La débâcle éparpille tous les colons japonais dans la nature, ce qui donne lieu à bon nombre de beaux plans nocturnes dans la forêt profonde où nombreuses sont les rencontres insolites que peut faire le petit bataillon sous le commandement de Kaji. Les gros plans sur les visages sont régulièrement utilisés. Kaji fait toujours preuve d'un atypisme, d'une énergie sans faille, luttant avec rage pour survivre avec l'unique obsession de retrouver Michiko.
Le personnage depuis le début de la trilogie est intéressant car sa rébellion continuelle contre l'autorité supérieure, ses idéaux humanistes font nettement du film une oeuvre antimilitariste, bien qu'il ne montre que cela. Des plans inclinés symbolisent les images traumatiques revues en pensée.Les personnages de femmes sont très attachants et apportent l'humanité manquante à ce monde d'hommes guerriers. La débâcle est filmée comme une interminable agonie. Le film se fait plus explicitement politique.
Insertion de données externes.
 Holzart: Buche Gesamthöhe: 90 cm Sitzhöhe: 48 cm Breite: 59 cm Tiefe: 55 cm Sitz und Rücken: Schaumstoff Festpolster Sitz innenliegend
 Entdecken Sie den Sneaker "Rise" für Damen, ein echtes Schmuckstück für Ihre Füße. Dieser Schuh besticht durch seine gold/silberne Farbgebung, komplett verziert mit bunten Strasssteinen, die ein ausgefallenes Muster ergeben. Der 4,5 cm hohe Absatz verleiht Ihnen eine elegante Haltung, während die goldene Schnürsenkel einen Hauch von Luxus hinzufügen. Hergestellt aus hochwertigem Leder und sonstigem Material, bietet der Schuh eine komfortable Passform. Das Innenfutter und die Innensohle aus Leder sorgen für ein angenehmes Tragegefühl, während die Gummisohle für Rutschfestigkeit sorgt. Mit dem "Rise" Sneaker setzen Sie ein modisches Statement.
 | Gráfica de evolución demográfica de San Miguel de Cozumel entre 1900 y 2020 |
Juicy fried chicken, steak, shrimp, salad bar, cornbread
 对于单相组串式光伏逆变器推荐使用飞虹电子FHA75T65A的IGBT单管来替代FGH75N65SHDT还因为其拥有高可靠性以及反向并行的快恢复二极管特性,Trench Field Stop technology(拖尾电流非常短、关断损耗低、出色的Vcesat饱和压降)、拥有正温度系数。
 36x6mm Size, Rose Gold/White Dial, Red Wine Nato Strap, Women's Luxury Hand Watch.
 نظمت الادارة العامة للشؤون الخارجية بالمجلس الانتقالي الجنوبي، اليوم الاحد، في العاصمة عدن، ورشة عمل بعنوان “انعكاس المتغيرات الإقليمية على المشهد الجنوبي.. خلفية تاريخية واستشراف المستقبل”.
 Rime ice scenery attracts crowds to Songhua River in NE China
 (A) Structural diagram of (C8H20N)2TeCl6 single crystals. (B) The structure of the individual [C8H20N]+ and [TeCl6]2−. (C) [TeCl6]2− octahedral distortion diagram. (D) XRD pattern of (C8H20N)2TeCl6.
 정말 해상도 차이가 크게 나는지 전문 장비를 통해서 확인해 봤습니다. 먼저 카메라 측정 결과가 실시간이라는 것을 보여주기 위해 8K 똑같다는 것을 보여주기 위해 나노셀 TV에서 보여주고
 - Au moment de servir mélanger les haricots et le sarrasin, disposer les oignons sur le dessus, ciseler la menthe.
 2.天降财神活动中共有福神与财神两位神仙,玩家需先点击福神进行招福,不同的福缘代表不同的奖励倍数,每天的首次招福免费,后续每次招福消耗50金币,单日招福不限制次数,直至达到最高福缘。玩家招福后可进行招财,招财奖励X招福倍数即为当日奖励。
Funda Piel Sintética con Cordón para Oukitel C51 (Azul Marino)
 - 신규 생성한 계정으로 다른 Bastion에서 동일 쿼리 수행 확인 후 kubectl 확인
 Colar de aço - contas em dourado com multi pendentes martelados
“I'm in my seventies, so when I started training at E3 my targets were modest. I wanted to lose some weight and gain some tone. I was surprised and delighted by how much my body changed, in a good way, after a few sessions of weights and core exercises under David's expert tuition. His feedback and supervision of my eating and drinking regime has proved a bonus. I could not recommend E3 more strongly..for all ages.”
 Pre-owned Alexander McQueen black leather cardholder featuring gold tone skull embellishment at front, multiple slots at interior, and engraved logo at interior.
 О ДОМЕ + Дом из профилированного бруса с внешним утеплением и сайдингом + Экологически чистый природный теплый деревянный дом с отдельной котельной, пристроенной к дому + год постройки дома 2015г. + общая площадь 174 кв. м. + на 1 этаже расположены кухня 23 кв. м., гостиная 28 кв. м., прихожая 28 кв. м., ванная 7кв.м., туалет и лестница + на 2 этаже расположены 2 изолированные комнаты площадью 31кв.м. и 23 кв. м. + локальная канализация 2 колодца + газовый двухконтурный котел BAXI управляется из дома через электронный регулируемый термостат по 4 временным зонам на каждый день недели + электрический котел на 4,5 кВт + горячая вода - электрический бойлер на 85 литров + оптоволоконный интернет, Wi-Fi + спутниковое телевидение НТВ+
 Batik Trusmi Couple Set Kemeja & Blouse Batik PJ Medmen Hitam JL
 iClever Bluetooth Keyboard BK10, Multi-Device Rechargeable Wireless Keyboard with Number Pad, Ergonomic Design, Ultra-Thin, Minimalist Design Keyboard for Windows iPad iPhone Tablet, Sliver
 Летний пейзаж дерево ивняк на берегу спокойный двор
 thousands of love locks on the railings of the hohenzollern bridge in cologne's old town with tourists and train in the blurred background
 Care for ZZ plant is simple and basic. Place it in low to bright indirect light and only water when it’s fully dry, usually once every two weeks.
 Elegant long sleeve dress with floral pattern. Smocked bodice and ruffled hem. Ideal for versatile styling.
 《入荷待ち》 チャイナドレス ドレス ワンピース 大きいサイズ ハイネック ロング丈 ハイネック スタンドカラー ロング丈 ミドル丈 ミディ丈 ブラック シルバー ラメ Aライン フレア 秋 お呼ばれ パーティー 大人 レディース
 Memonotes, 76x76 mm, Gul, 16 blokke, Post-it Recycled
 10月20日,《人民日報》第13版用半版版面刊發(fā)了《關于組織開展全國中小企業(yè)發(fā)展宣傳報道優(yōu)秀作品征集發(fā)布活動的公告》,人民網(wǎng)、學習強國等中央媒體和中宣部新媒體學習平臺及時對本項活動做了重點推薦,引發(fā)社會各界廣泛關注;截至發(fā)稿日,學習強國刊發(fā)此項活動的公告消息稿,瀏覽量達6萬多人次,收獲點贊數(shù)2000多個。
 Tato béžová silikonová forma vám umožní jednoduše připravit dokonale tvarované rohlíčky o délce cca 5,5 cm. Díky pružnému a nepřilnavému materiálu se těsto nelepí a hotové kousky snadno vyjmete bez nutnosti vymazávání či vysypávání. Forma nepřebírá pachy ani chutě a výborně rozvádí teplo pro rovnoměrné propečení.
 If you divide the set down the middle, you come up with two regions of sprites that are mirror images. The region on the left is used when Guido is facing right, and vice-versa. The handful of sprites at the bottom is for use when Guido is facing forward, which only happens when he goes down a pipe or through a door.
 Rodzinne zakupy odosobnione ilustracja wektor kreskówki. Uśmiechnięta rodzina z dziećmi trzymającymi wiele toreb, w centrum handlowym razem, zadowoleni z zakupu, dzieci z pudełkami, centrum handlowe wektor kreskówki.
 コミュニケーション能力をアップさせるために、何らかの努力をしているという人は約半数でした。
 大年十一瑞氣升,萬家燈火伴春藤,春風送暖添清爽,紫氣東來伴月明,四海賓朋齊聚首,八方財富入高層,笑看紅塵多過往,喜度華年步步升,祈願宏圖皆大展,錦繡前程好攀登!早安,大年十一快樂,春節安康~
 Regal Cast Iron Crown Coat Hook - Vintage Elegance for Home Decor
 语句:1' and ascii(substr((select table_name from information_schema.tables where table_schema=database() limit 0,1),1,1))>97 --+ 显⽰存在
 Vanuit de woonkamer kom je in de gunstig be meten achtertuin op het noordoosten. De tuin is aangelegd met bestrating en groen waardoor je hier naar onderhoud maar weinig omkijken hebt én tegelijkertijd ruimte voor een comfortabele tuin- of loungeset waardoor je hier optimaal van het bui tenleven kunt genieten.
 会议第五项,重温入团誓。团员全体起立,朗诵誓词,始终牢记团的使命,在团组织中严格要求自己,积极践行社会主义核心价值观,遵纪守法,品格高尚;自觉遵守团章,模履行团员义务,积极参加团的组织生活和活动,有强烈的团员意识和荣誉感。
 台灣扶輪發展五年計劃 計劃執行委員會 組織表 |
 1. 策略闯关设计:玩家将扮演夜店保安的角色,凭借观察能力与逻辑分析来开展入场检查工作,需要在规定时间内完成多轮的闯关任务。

La scène où le bataillon finit par se rendre, sous la supplication d'une femme, est un moment d'anthologie. Les bourreaux d'hier deviennent les esclaves des nouveaux maîtres, tout aussi impitoyables, de la région. La boucle est bouclée, et avec elle, toute l'ironie de l'histoire apparaît. Il est amusant pour le spectateur d'entendre Kaji se faire traiter de "samouraï nazi". Posant problème aux soviétiques, il est convoqué devant une sorte de tribunal lors d'une scène surréaliste, où les uns parlent russe, Kaji japonais et l'interprète traduit comme il veut. Finalement envoyé aux travaux forcés, Kaji parviendra à s'enfuir et deviendra une sorte de spectre-mendiant, guetté par la folie, où seul, le souvenir de Michiko lui donne la force de marcher. Visiblement parti du mauvais côté, se retrouvant dans un paysage enneigé, il finira par tomber d'épuisement, se laissant recouvrir par la neige. Le cinéaste n'aime rien mieux que ces plans vastes de paysages désolés où seule la présence minuscule d'un homme le renvoie à sa condition. Cette fameuse et funeste condition de l'homme.